While the vast majority of companies in the 2020 database are Israeli, a handful of americans companies are on the list, including Airbnb, Tripadvisor, Expedia and General Mills. These companies are already listed on the New York Stock Exchange and Nasdaq. The memorandum will likely open up access for American investors to Israeli companies also doing business in the illegal settlements and bolster Tel Aviv’s listings with institutional support and the size of the New York Stock Exchange.

NYSE President Lynn Martin said in a press release that “our dual listing exploration will provide investors with potential exposure to listed companies and economic activity in both markets. The importance of our global capital markets has never been greater, and we look forward to demonstrating what two great exchanges can accomplish when working together.

The dual listing does not deviate from the standard norms of the financial sector. Tel Aviv made similar deals with stock exchanges like Toronto before the New York memorandum.

“The narrow frame of this is that it’s the perfect headline for those of us who would worry about a mix of the Israeli far right and American-style financial capitalism,” Robert Hockett, professor of law international finance and economics at Cornell, told The Intercept. “The New York Stock Exchange is the biggest of them all,” Hockett said, “and is the most traded stock exchange and is in that sense the biggest capital market, so any company in Tel Aviv will get a lot more access than before.”

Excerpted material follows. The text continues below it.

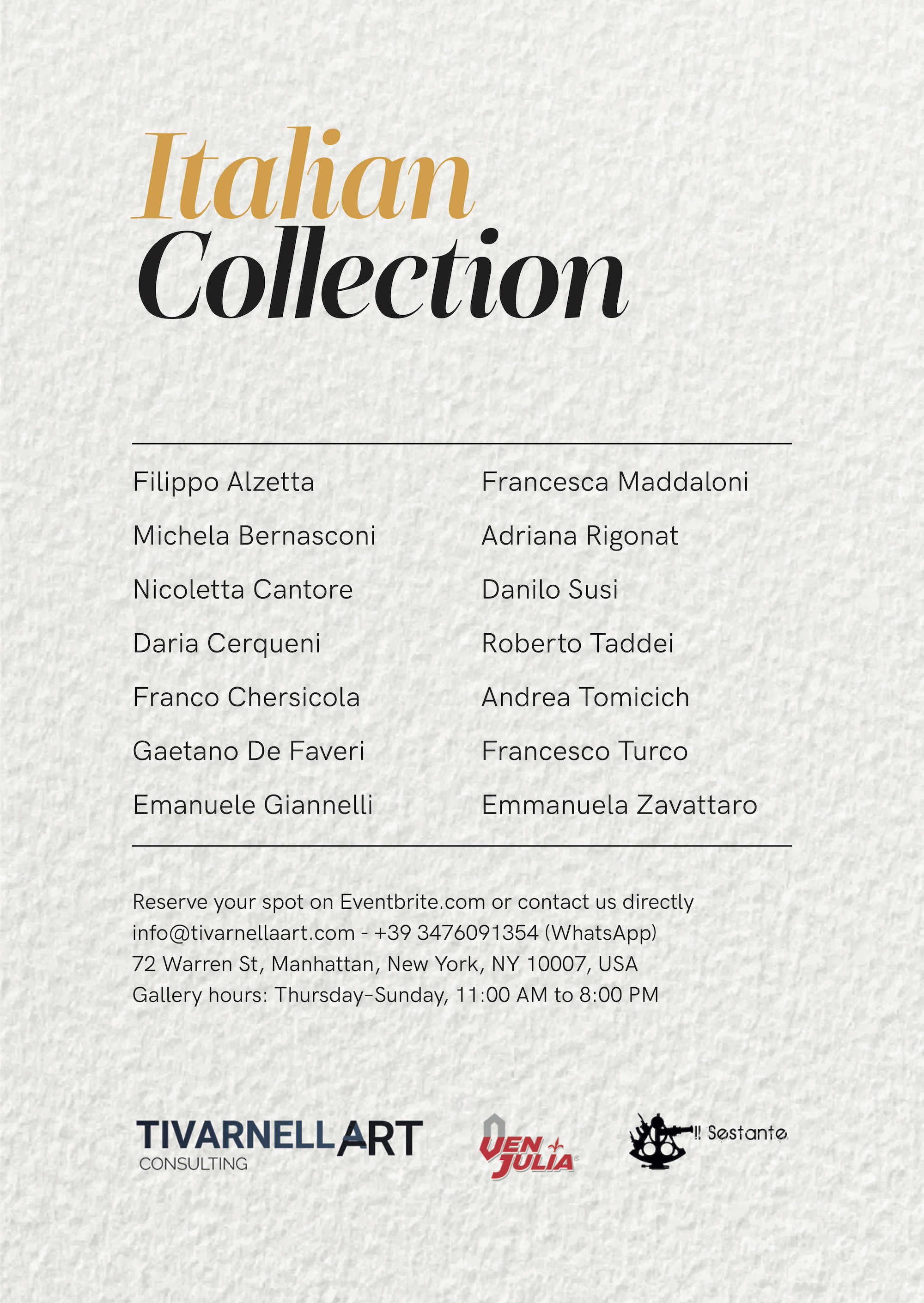 Il curatore Enea Chersicola: “Dopo due edizioni di grande risposta da parte del pubblico americano, presentiamo un nucleo di opere inedite, selezionate per interrogare la sensibilità contemporanea, non per generare art entertainment.

Despite the Biden administration’s official stance against illegal settlement expansion, as the UN was set to add more companies to its database last month, the United States began lobby the human rights office to drop their bid to expand the list. Two US diplomats, including Michèle Taylor, US ambassador to the UN Human Rights Council, told an Israeli ambassador that they were pressuring the human rights chief of the UN, Volker Türk, not to add more companies to the UN database.

At the same time that the New York and Tel Aviv stock exchanges announced their collaboration, a coalition of far-right Israeli extremists took power in the Knesset, the Israeli parliament. Fueled by Benjamin Netanyahu’s desperation to regain power amid ongoing corruption investigations, the new coalition of ministers has already engaged in blatant provocations against the Palestinians and unveiled its intention to completely annex the West Bank.

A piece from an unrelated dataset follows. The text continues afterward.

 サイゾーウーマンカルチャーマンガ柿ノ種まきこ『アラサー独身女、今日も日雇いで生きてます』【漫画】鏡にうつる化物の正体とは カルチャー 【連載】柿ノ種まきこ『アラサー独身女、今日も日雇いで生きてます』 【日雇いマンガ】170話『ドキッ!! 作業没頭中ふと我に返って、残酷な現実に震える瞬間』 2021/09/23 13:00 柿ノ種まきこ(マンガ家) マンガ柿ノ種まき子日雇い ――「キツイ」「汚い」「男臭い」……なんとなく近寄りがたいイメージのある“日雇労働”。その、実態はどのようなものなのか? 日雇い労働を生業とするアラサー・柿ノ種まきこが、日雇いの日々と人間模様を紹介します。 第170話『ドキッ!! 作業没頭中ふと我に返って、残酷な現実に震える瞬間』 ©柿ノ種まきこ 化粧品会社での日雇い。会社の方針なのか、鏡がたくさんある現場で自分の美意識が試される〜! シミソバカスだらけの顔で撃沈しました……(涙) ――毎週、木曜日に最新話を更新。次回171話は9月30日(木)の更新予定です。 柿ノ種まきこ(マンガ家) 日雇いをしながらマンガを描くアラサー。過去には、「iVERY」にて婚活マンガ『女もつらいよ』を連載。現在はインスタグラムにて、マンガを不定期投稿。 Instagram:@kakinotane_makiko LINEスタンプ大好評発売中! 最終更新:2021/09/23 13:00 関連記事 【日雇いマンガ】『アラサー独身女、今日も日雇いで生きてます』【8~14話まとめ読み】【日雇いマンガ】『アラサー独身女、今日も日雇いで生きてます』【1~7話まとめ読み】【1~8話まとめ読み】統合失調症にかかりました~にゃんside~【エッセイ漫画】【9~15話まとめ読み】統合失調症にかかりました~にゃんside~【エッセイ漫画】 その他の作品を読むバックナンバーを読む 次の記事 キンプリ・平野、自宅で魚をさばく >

Wording of the coalition agreement states that Jews “have a natural right to the Land of Israel” and that “in light of our belief in the aforementioned right, the Prime Minister will lead the formulation and advancement of policies in the implementation of the sovereignty in Judea and Samaria”. Israel’s new tourism minister vows to speed up annexation and Jewish tourism in the West Bank, describing Palestine as “our local Tuscany”.

The possible creation of ESG products referenced in the dual rating announcement also follows intense lobbying to ignore Israeli human rights abuses in the social impact rating of investments. In October, financial services giant Morningstar bent to crushing pressure powerful American Zionist groups like the Anti-Defamation League, the American Jewish Committee and the Women’s Zionist Organization of America to remove Israeli human rights violations against Palestinians from its methodology. Leader in ESG analysis, Morningstar and its subsidiary Sustainalytics engaged to remove its Human Rights Radar service, do not use anymore the UN Human Rights Council as the source of its analysis, and the abandonment of terms relating to the Israeli occupation of Palestine.

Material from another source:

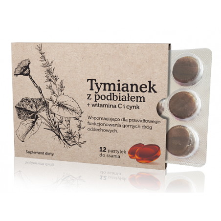 TYMIANEK Z PODBIAŁEM + witamina C i cynk 12 pastylek do ssania DIAGNOSIS

ESG products that may emerge from the dual rating memorandum have the potential to reflect the principles of JLensan investment advisory fund now owned by the Anti-Defamation League that led the charge against Morningstar, leveling accusations of anti-Semitism.

“Dual listing serves the interests of Israeli businesses and the State of Israel by allowing companies to maintain a strong connection to Israel and the ecosystem it offers while enjoying the benefits of a listing on the larger stock exchange in the world,” Ittai Ben-Zeev, CEO of the Tel Aviv Stock Exchange, said in a press release. Ben-Zeev was previously executive vice president and head of capital markets at Bank Leumi, which is listed in the United Nations database of financial institutions supporting illegal settlements in the West Bank.